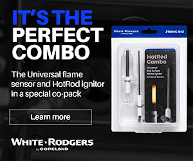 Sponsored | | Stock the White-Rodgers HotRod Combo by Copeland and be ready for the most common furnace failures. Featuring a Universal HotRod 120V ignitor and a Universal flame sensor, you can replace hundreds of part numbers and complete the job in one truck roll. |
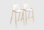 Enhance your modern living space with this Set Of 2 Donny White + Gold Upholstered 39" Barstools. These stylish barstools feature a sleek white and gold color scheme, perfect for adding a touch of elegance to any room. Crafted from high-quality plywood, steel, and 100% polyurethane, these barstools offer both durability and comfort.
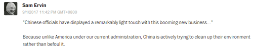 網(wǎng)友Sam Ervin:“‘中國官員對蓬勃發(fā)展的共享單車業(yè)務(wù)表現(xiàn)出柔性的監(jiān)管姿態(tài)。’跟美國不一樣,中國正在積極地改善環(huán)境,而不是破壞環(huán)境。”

• [WORK REQUEST]: Everything in the data except the pictures must appear in your answer unchanged.

• [FINISHED EXERCISE]:
 Sponsored | | Stock the White-Rodgers HotRod Combo by Copeland and be ready for the most common furnace failures. Featuring a Universal HotRod 120V ignitor and a Universal flame sensor, you can replace hundreds of part numbers and complete the job in one truck roll. |
 Enhance your modern living space with this Set Of 2 Donny White + Gold Upholstered 39" Barstools. These stylish barstools feature a sleek white and gold color scheme, perfect for adding a touch of elegance to any room. Crafted from high-quality plywood, steel, and 100% polyurethane, these barstools offer both durability and comfort.
 網(wǎng)友Sam Ervin:“‘中國官員對蓬勃發(fā)展的共享單車業(yè)務(wù)表現(xiàn)出柔性的監(jiān)管姿態(tài)。’跟美國不一樣,中國正在積極地改善環(huán)境,而不是破壞環(huán)境。”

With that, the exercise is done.